ACTIVITY:
The records that follow need to be printed exactly. Leave out each image.
--- MATERIAL FOR THIS EXERCISE Enclosed Below ---
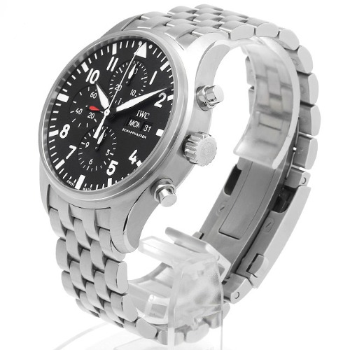 IWCのスピットファイアはミリタリー感の強い腕時計が多いですが、このクロノグラフモデルはスチールベルトがエレガントに見せてくれます。
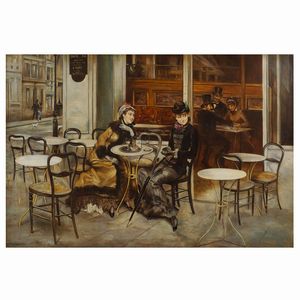 100x150 cm. Italia XX Sec. Conversazione al caffè di due giovani signore, olio su tela, copia da Giovanni Boldini, [..]
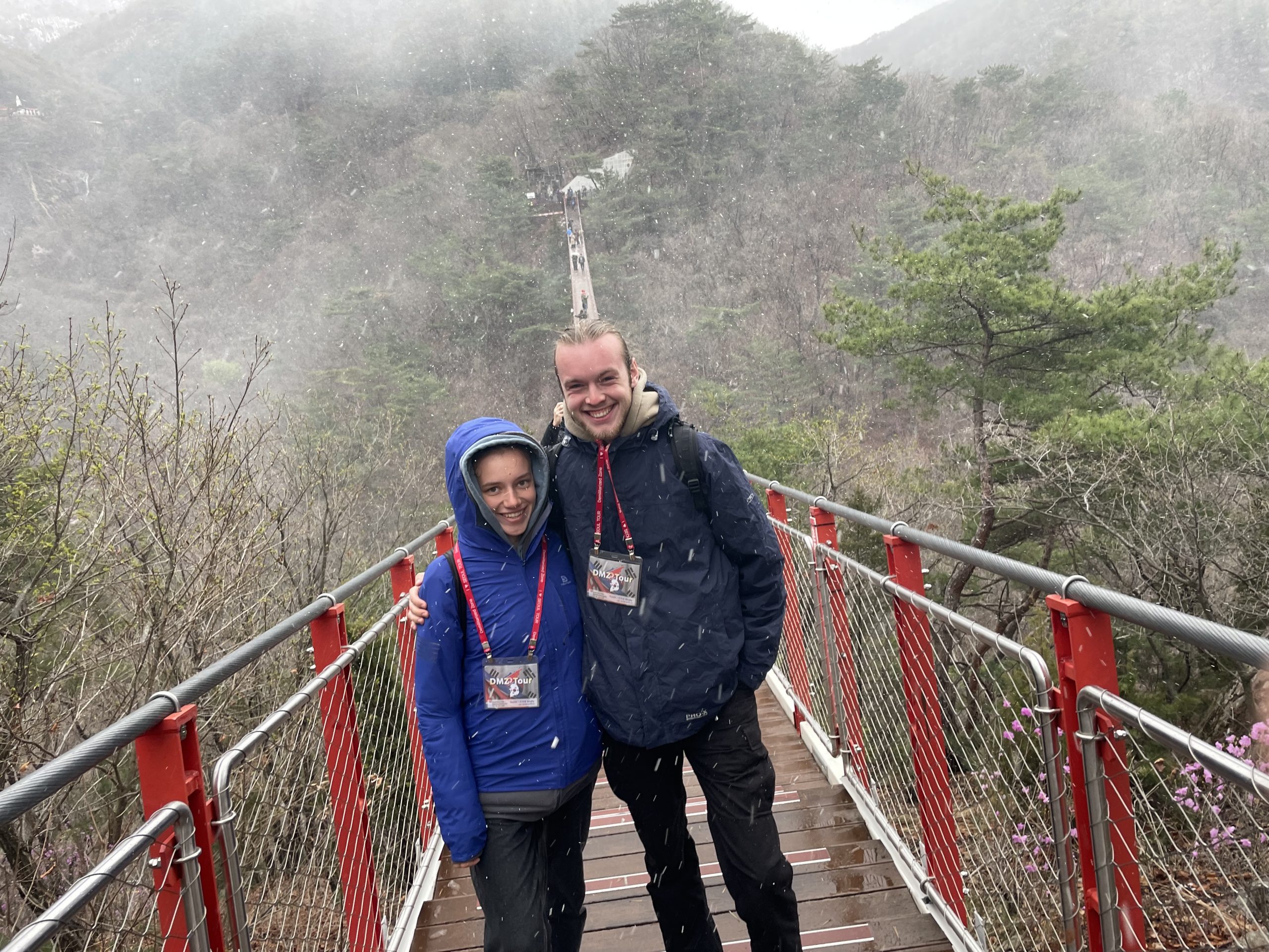 Nach einer fünfzehnminütigen Fahrt mit dem großen Reisebus sind wir an einem Ort angekommen, der auf den ersten Blick gar nichts mit Nordkorea oder dem Krieg zu tun hat. Nach einer kurzen Wanderung hat unsere Gruppe den Rand einer langen Brücke erreicht. Sie ist über 10 Meter hoch und über 220 Metern die längste Hängebrücke in ganz Südkorea. Genau als wir dran waren die lange Brücke zu überqueren, hat es ordentlich angefangen zu wehen und zu regnen. Durch den starken Wind hat die Brücke ein bisschen geschwankt und unsere Überquerung so etwas spannender gestaltet. Nach wenigen Minuten hat es jedoch schon wieder aufgehört, weshalb ich zum Glück nicht ganz durchgefroren war. In den Bergen, zwischen denen sich die Brücke heute aufspannt, wurde im Koreakrieg heftig gekämpft. Unter anderem hat dort eine ganze britische Einheit ihr Leben verloren, als sie als letzte UN-Truppe versucht haben die Stellung zu halten, während alle anderen Truppen bis nach Busan (eine Stadt im Südosten Südkoreas) zurückgedrängt wurden. Zum Gedenken dieser Soldaten hängt dort heute neben der Taegeukgi (so heißt die südkoreanische Flagge) auch der Union Jack (offiziell Union Flag) aus Großbritannien.
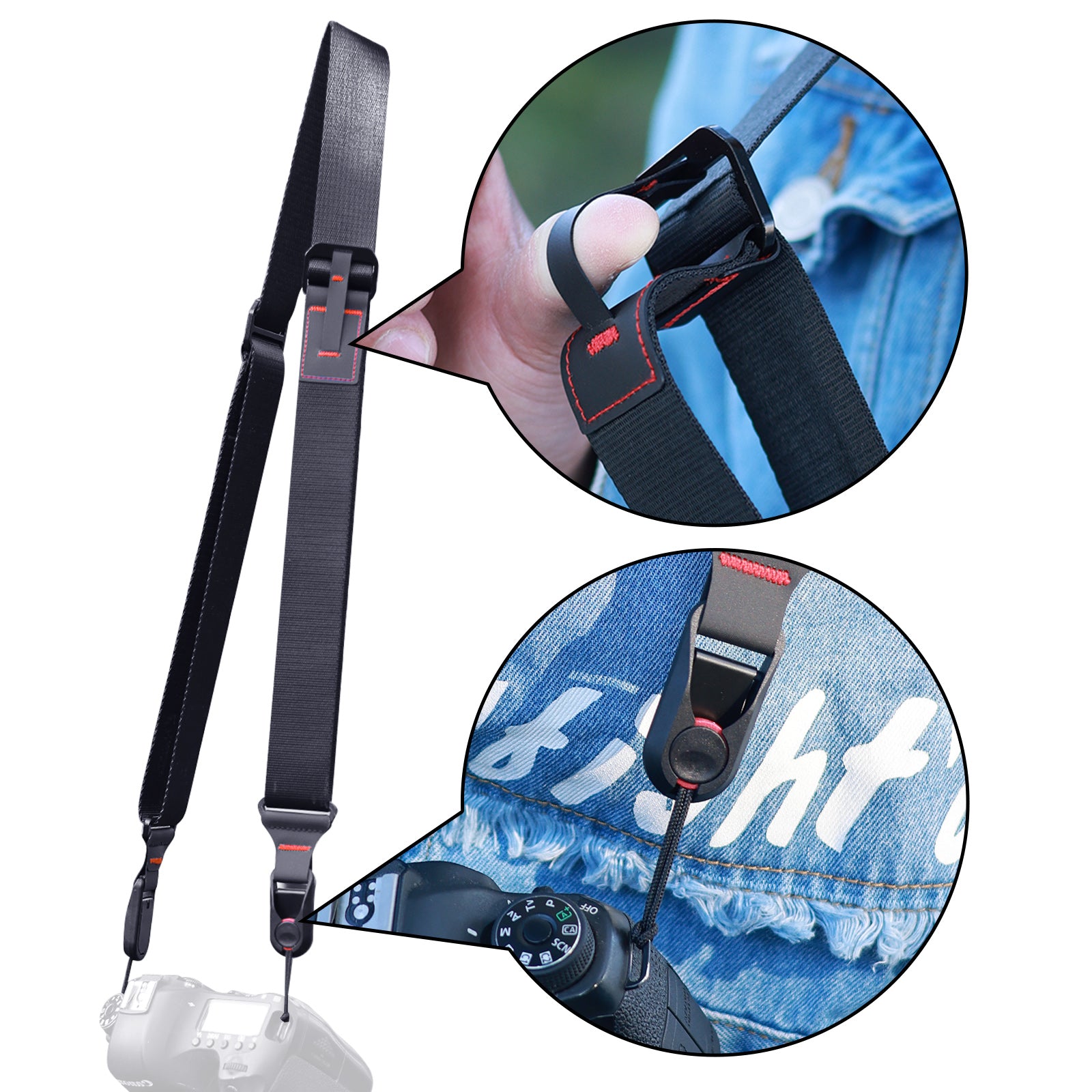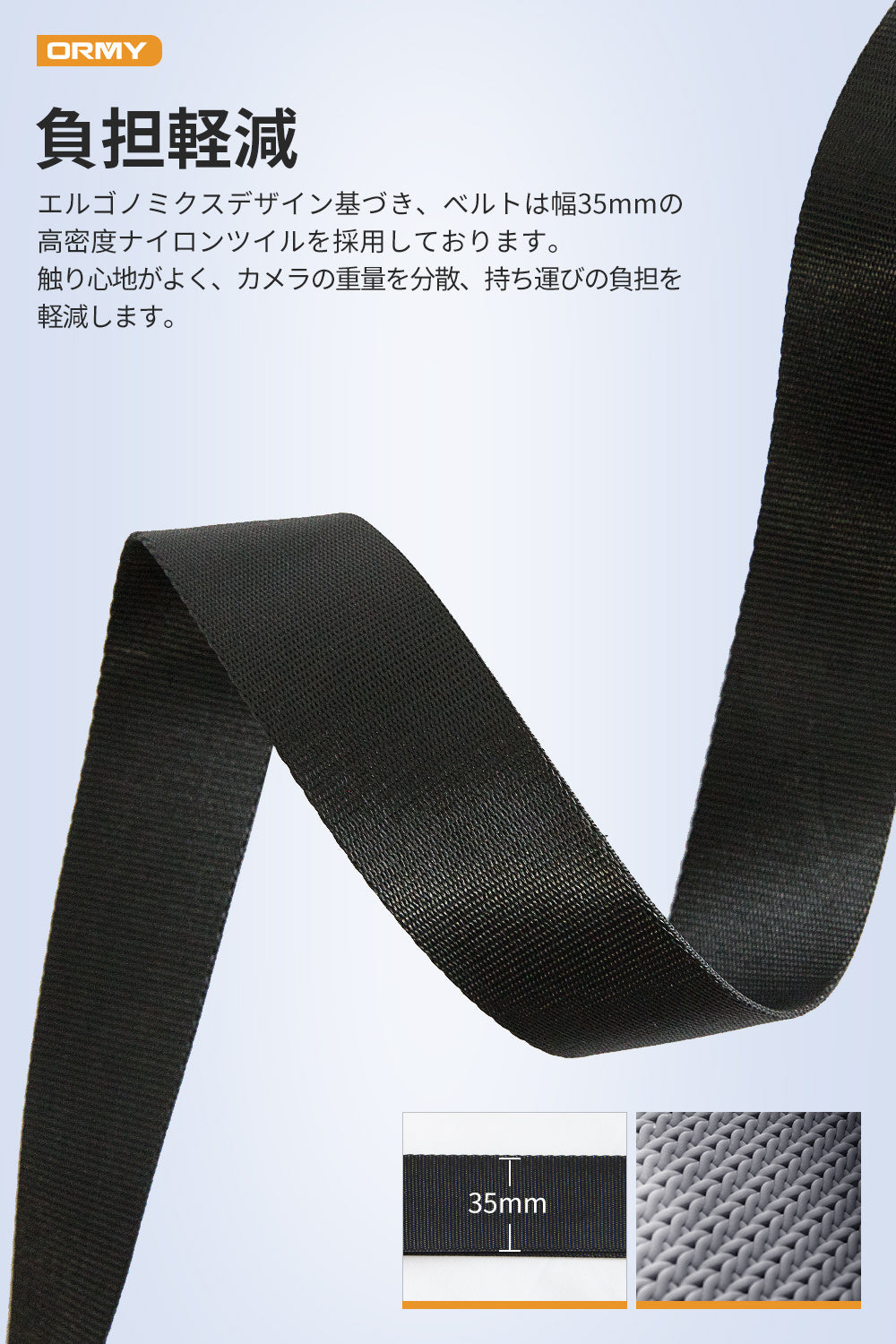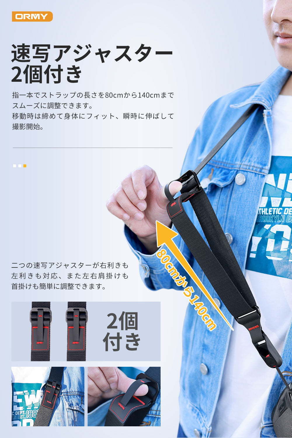 ・ ストラップの幅は3.5cmです。エルゴノミクスデザイン基づき、カメラの重量を分散、持ち運びの負担を軽減します。長さは80cmから140cmまでスムーズに調整可能です。二つの速写アジャスターが付き、左右肩掛けも首掛けも簡単にストラップの長さを調整できます。簡単そうして便利です。 |
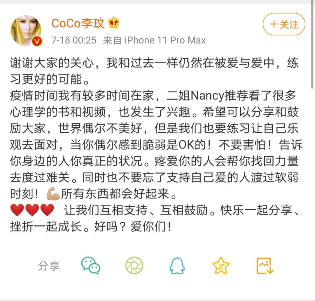 但时隔几日,李玟就主动发文解释,平息了大家的猜测。
--- End of Enclosed MATERIAL FOR THIS EXERCISE ---
SOLUTION TO THIS EXERCISE:
 IWCのスピットファイアはミリタリー感の強い腕時計が多いですが、このクロノグラフモデルはスチールベルトがエレガントに見せてくれます。
 100x150 cm. Italia XX Sec. Conversazione al caffè di due giovani signore, olio su tela, copia da Giovanni Boldini, [..]
 Nach einer fünfzehnminütigen Fahrt mit dem großen Reisebus sind wir an einem Ort angekommen, der auf den ersten Blick gar nichts mit Nordkorea oder dem Krieg zu tun hat. Nach einer kurzen Wanderung hat unsere Gruppe den Rand einer langen Brücke erreicht. Sie ist über 10 Meter hoch und über 220 Metern die längste Hängebrücke in ganz Südkorea. Genau als wir dran waren die lange Brücke zu überqueren, hat es ordentlich angefangen zu wehen und zu regnen. Durch den starken Wind hat die Brücke ein bisschen geschwankt und unsere Überquerung so etwas spannender gestaltet. Nach wenigen Minuten hat es jedoch schon wieder aufgehört, weshalb ich zum Glück nicht ganz durchgefroren war. In den Bergen, zwischen denen sich die Brücke heute aufspannt, wurde im Koreakrieg heftig gekämpft. Unter anderem hat dort eine ganze britische Einheit ihr Leben verloren, als sie als letzte UN-Truppe versucht haben die Stellung zu halten, während alle anderen Truppen bis nach Busan (eine Stadt im Südosten Südkoreas) zurückgedrängt wurden. Zum Gedenken dieser Soldaten hängt dort heute neben der Taegeukgi (so heißt die südkoreanische Flagge) auch der Union Jack (offiziell Union Flag) aus Großbritannien.
 ・ ストラップの幅は3.5cmです。エルゴノミクスデザイン基づき、カメラの重量を分散、持ち運びの負担を軽減します。長さは80cmから140cmまでスムーズに調整可能です。二つの速写アジャスターが付き、左右肩掛けも首掛けも簡単にストラップの長さを調整できます。簡単そうして便利です。 |
 但时隔几日,李玟就主动发文解释,平息了大家的猜测。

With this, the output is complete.